Next, it is assumed that the valence electron is at the level of n = 1. The first ionization energy of the phosphorus atom is E1 = 10.49 eV (Buhl 1994). According to formula (34), the ionization energy of the phosphorus atom in the silicon atom should decrease ε2 = 156.25 times to the level of 0.067 eV. Comparing this result with the experienced ionization energy value of the phosphorus atom in 0.045 eV silicon (Buhl 1994), it can be concluded that the difference between experimental and calculated values is less than 1.5 times. This is a satisfactory outcome. As a result, shallow admixtures, such as phosphorus in silicon, are often called hydrogen-like admixtures. The difference between the experimental and theoretical values is probably connected with the fact that near the atom of the admixture of phosphorus, the polarization of silicon differs slightly from the state found in the ideal network that does not contain admixtures and defects. From formula (34) it follows that to obtain ionization energy 0.045 eV, the dielectric permeability close to the phosphorus atom should be about 10.5. This is a reduction of only 16% compared to pure silicon.

In the case of the phosphorus atom in the silicon, ionization energy was calculated. However, we know the energy of activation of conductivity, on the basis of which we can calculate the dielectric permittivity of the material, surrounded by which the water nanoparticle is located, from which the electron is tunneling. In the case of tunneling, the energy of activation is, in a good approximation, the energy between the fundamental state of the valence electron of the water molecule and the state to which the electron hops, transforming the neutral molecule of water into a negatively charged one, i.e. the first unfilled state. This is due to Pauli’s principle, because the state from which the electron from the neutral first nanoparticle tunnels is occupied by the electron in the neutral other nanoparticle. Therefore, the electron after the hop will be on the first lowest vacancy in the second nanoparticle. This situation is shown in Fig. 10.
Fig. 10

Basic state (n = 1) and the first unoccupied state (n = 2) between which an electron hops from one neutral potential well to another

We shall build on the following assumptions.

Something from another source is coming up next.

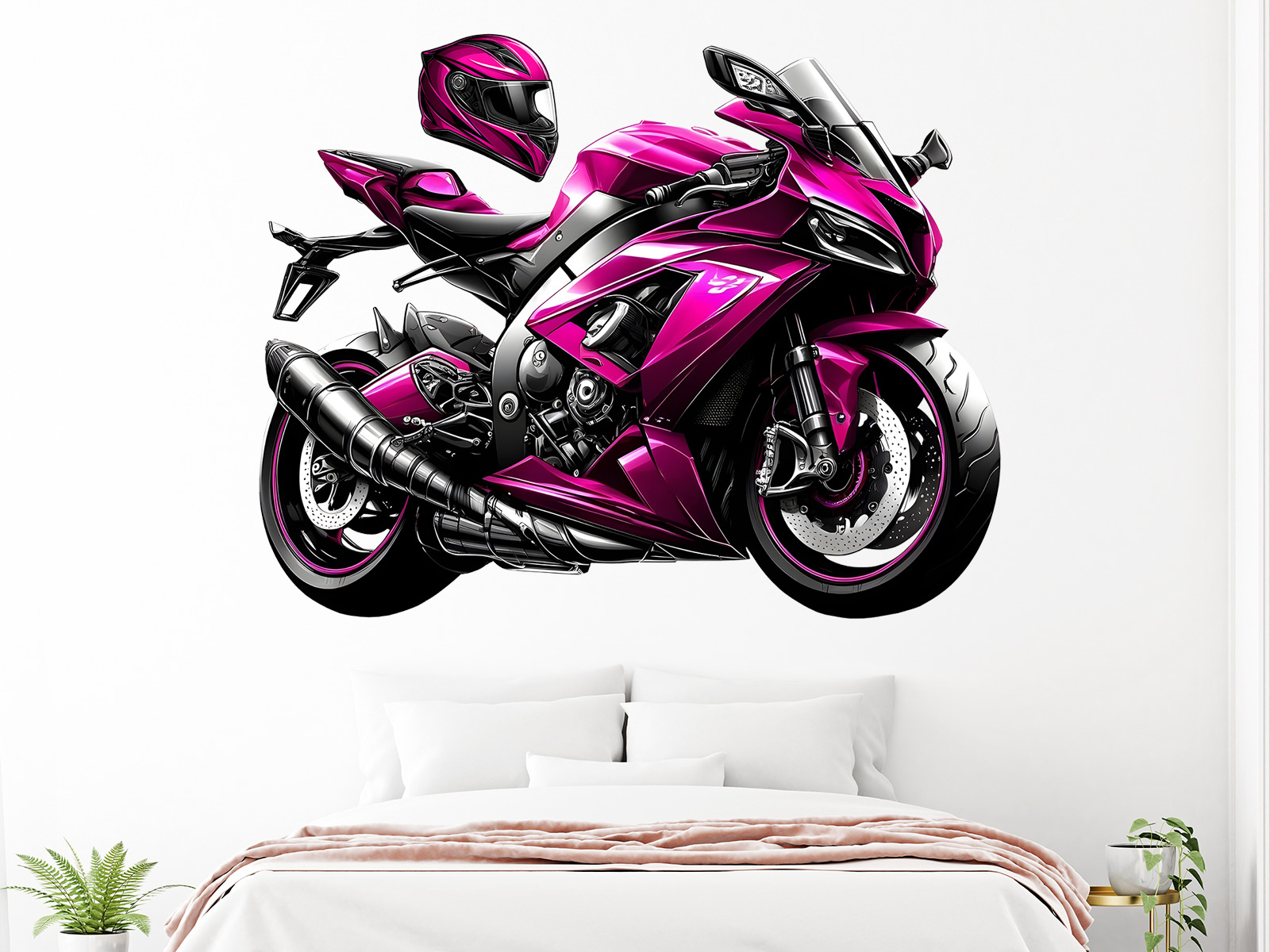 Samolepka na stenu „Ružová motorka“ je dokonalým doplnkom pre všetky malé aj velké milovníky rýchlosti, štýlu a výrazného dizajnu. Táto moderní ilustrácie športoví motorky v zárivé ružové farbe zaujme svojimi dynamickyími líniami, lesklými detailmi a realistickým prevedím, ktoré pôsobí, ako by stroj právo vyrazil zo závodní dráhy. Súčástí hárku je aj štýlová helma v rovnakom farebnom urobení, díky čomu si môzete vytvori ucelenú dekoráciu presne podºa svojich predstáv. Skvele sa hodí do detských izieb, herních zón, garáží či izieb tínedžerov a dodá priestoru výraznú energiu, odvahu a závodního ducha.

The electron is tunneling from an inert molecule of water that is in a nanodrop. Tunneling takes place from the ground state to the first higher unoccupied state.

Due to the fact that the valence electron of a molecule of water is strongly shielded from the nucleus through lower electrons, its first ionisation energy is about 12.6 eV (Mallard and Linstrom 2000; Shirai et al. 2001; Zavilopulo et al. 2005; Kovtun 2015) and is very similar to the ionization energy of a hydrogen atom of 13,595 eV. The difference between these values is only 7.3%. Such close values of the ionization energy of the water molecule and the hydrogen atom mean that the structure of the energy states of the water molecule’s valence electron is similar to the structure of the hydrogen atom states.

In order to calculate the energy difference between the basic state and the first unfulfilled state of the water molecule, we shall use the Bohr formula for energy between states in the hydrogen atom (Halliday and Resnick 1978):
$$ hv_{j,k} = E_{j} - E_{k} = \frac{{e^{4} m_{e} }}{{8\varepsilon_{0}^{2} \varepsilon_{r}^{2} h^{2} }}\left( {\frac{1}{{j^{2} }} - \frac{1}{{k^{2} }}} \right), $$
(35)
where me—the mass of the electron; e—electron charge; ε0—dielectric permittivity of the vacuum; εr—relative dielectric permittivity of the material; h—Planck constant; j—the main quantum number of the state of the valence electron; k—the main quantum number of the lowest unoccupied state.

Dielectric permittivity of pressboard impregnated with insulating oil εr ≠ 1. Thus, in formula (35) in the denominator there is a square of relative permittivity.

In formula (35), similarly as in the model of the hydrogen-like admixture of the phosphorus atom in silicon, we assume that the valence electron of the water molecule is in the ground state with the main quantum number j = 1. In contrast to the model of the hydrogen-like admixture, where the ionization energy is calculated, i.e. the electron’s hop into the state of k equal to infinity, in formula (35) in the case of tunneling for the first unoccupied state, one should write k = 2.

By substituting for formula (35) the values of j = 1 and k = 2 and the DC activation energy known to us, ΔW = , we can calculate the relative dielectric permittivity in the environment of the water molecule to which the electron tunnels:
$$ \varepsilon_{r} = \frac{{e^{2} }}{{h\varepsilon_{0} }}\sqrt {\frac{{3m_{e} }}{32\Delta W}} . $$
(36)

Substituting for formula (36) the value of AC activation energy, which is ΔW ≈ (1.05820 ± 0.2224) eV (Żukowski et al. 2015b), and known fixed values: me, e, ε0, h, we obtain the relative permittivity of the insulating material around the water molecule, which the electron is tunneling. Its value is εr ≈ 5.62. This is a value similar to the dielectric permittivity of the pressboard in the frequency range above 1000 Hz. The obtained value of the relative permittivity of the material surrounding the molecule of water on which the electron is tunneling indicates that the molecule of water from which the electron tunnels is not in the insulating oil filling the spaces between the cellulose fibers. The dielectric permittivity value of the relative insulating oil is much lower and amounts to approximately 2.2 (CIGRE Working Group A2.35 2010). This means that the moisture nanoparticles are located inside the cellulose fibers, the dielectric permittivity of which is greater than the dielectric permittivity of the oil.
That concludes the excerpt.